Prof Knight defended the stance that ExCel Nightingale was commissioned with a specific purpose and a specific patient in mind, ie, unconscious, ventilated patients, and that they couldn't take direct referrals from the community because the decision on whether to ventilate a patient or not has to be made in the usual manner (from a hospital). The exception to the rule was that they can take patients who are conscious only if they are recovering from COVID. The reason for this he explained was that the ExCel Nightingale was not created as a ‘step down’ facility, though other Nightingales which are created later may be commissioned on this basis as they will benefit from the new modelling which shows that a super surge in ITU requirements may not be required. 

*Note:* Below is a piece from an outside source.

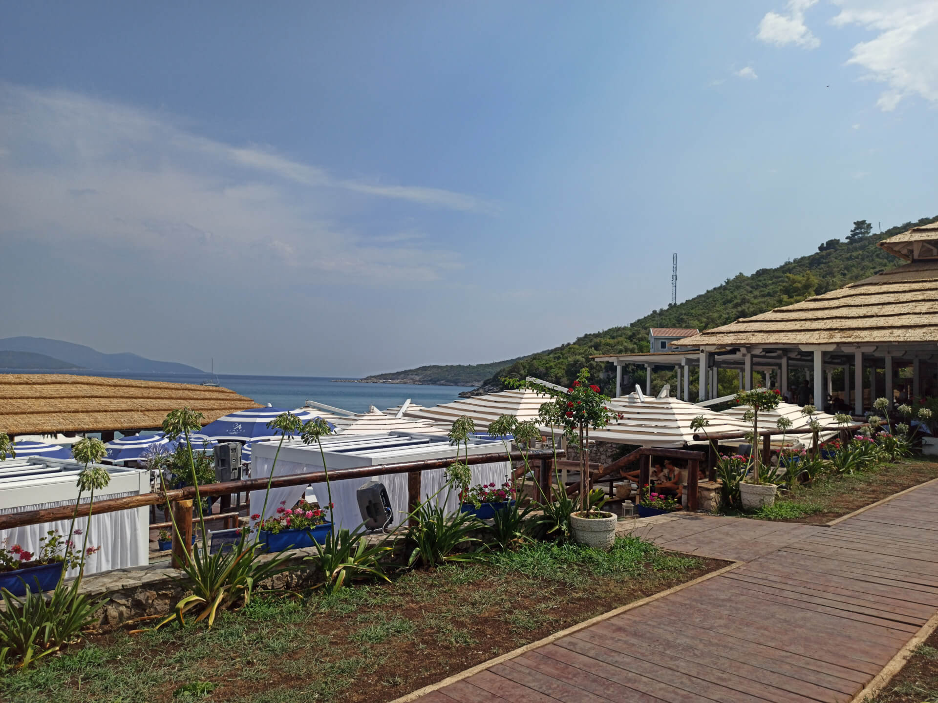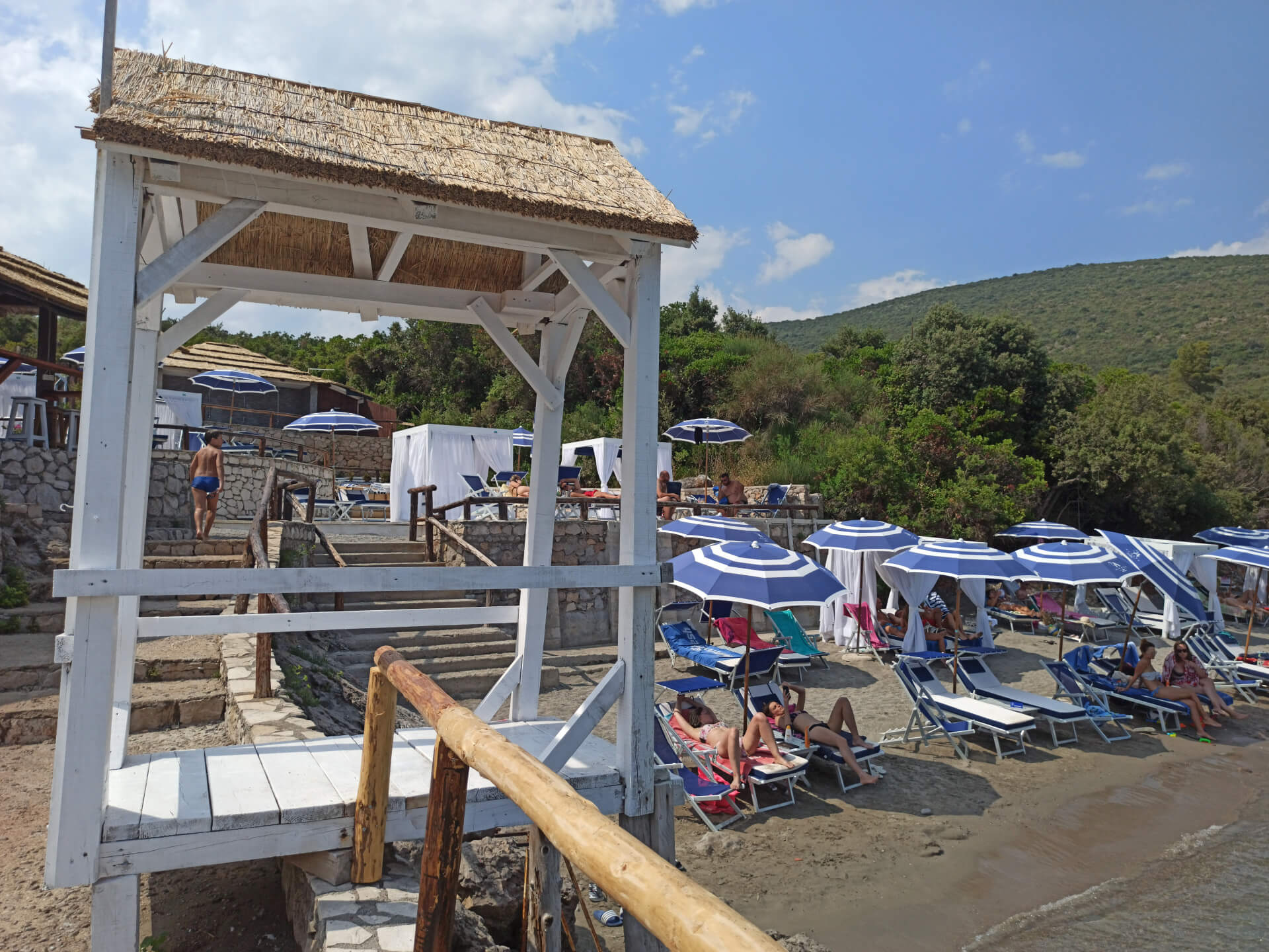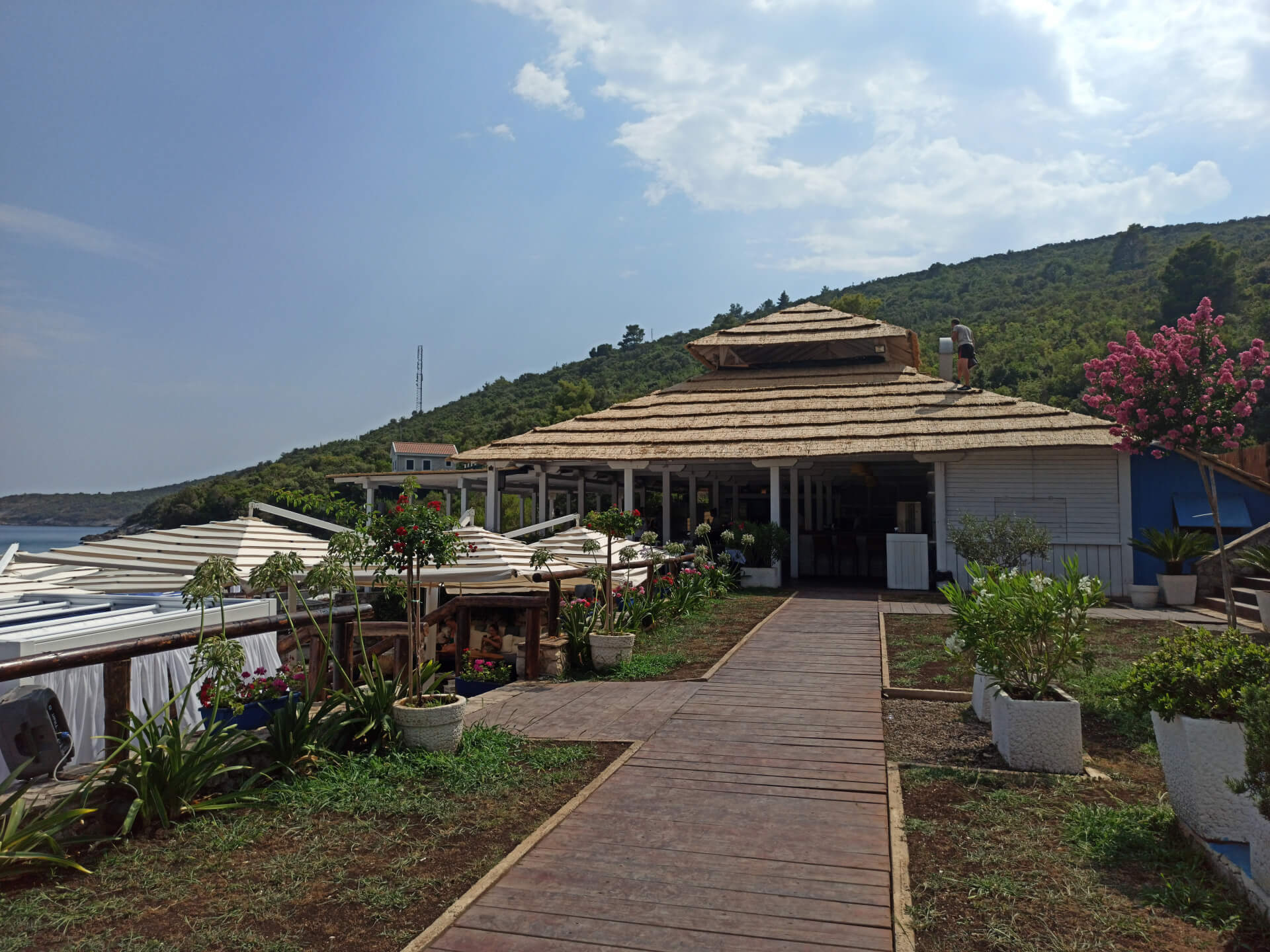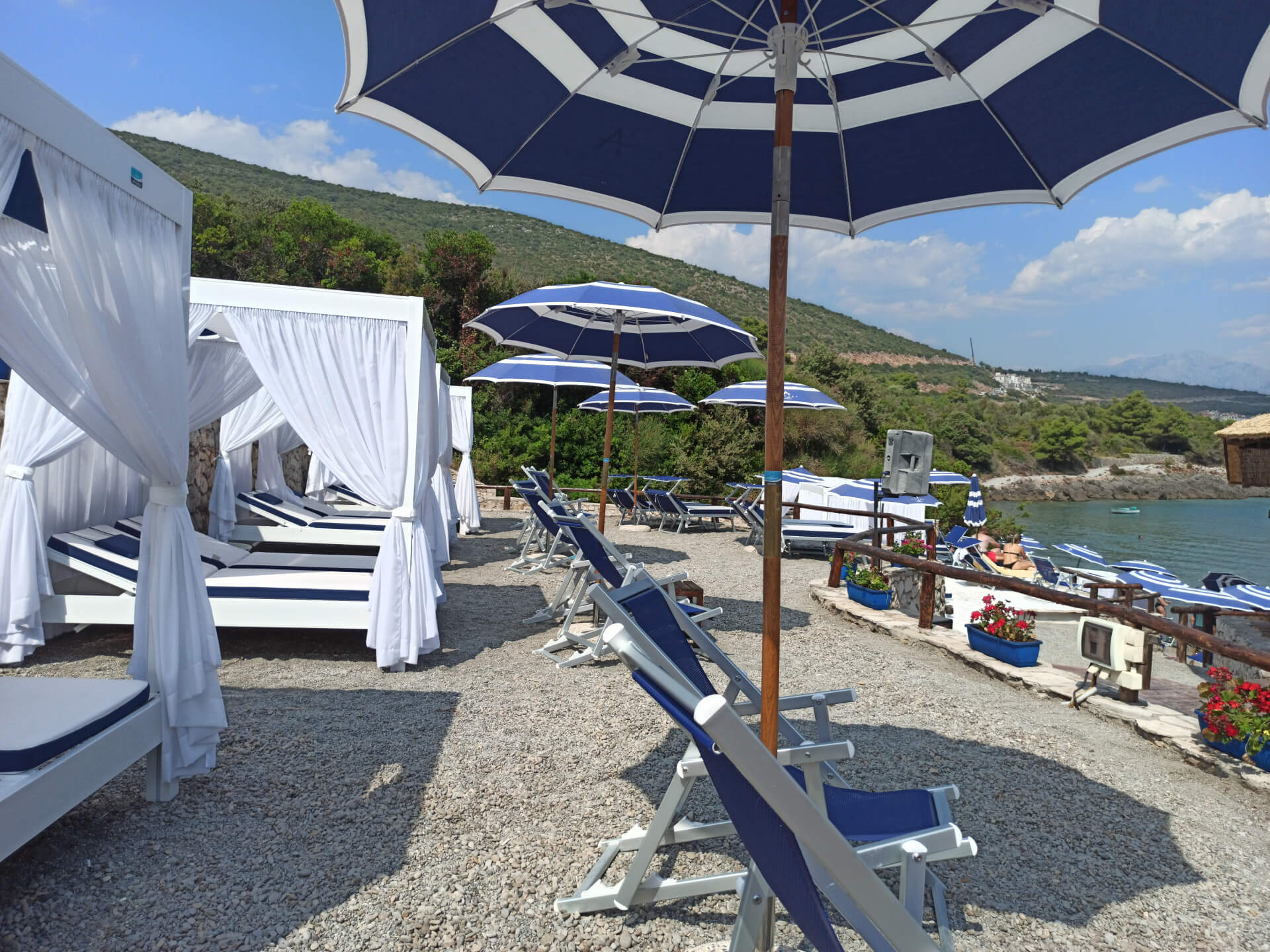 Almara Beach Club is a pretty nice new beach in a Lustica Peninsula. It is a modern club for young people mostly. It has a good beach bar, they offer parties and lounge zone with beautiful modern sunbeds and regular sunbeds on different levels.

Storing Up Health Problems 

Prof Knight said that understandably the public have become "very averse to going into hospital". He added that there is increasing evidence that people are presenting later with symptoms such as chest pain, which normally they would not have ignored. As a cardiologist this caused him great concern. He stressed that presenting very late meant they were at increased risk of much bigger myocardial infarctions, or even an increased risk of dying at home with a cardiac arrest. 

PPE

Asked whether the ExCel Nightingale staff had sufficient PPE, Prof Knight replied: "For the short-term yes, but do we have vast stocks that would give us comfort..? No. So, it has been a hand-to-mouth existence like every hospital in the NHS, with people scrambling around to get enough supplies to keep staff safe. We're not at a level of a comfort where I have a huge cupboard full of supplies that I can gloat over. No. No it's a matter of taking each day as it comes."

Lessons Learnt

Prof Knight said what was important was to retain the agility to keep learning and to be more adaptable and to respond to situations more quickly than we have in the past. He said that it wasn't just the constructions of the Nightingales that has demonstrated agility, but the whole of the NHS of which he said he is extraordinarily proud to be a part of.